Our time together is limited. I’d rather not travel down another dead-end road, where there’s no room, no place for me.
“You’re welcome.”
A few days later, Katrina receives a call from her mother. Her father is finally being released from the hospital and is going into protective custody. She puts her phone on holo-call mode and gazes at the soft, silvery three-dimensional projection of her mother pacing the lounge area in front of the windows excitedly.
But when she notices me, her comfortable conversation with her daughter takes a somewhat awkward turn.
“Hello, Ezra,” she says haltingly. “Thank you for taking such good care of my daughter.”

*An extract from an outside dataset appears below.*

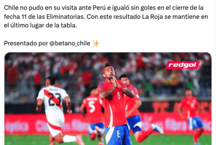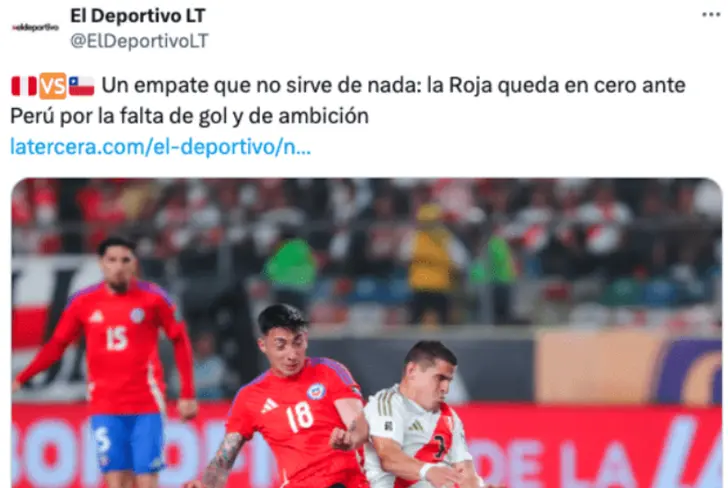 La prensa chilena ha sido unánime en señalar que el empate ante Perú es un resultado que no aporta nada a las aspiraciones de la Roja de clasificarse al Mundial 2026. Medios como RedGol han destacado que "Chile no pudo en su visita ante Perú e igualó sin goles en el cierre de la fecha 11 de las Eliminatorias. Con este resultado, La Roja se mantiene en el último lugar de la tabla".

I wonder how difficult that was for her to say. Mrs. Carson does her best to stay out of the limelight; she doesn’t seem quite as zealous as her husband.
“You’re welcome,” I offer with a slight nod.
Katrina keeps pacing, keeping me out of the camera view as she mouthssorryto me with a cringe. “Anyway, where’s Dad?”
“He’s napping until our security detail comes to pick us up. I made him, honestly. He’s turned his hospital bed into his office and has been making all sorts of calls for this gala. I’m worried he’ll work himself to death, but doctors think he can continue resting in a home environment. He wanted me to ask—how did it go with your old dean?”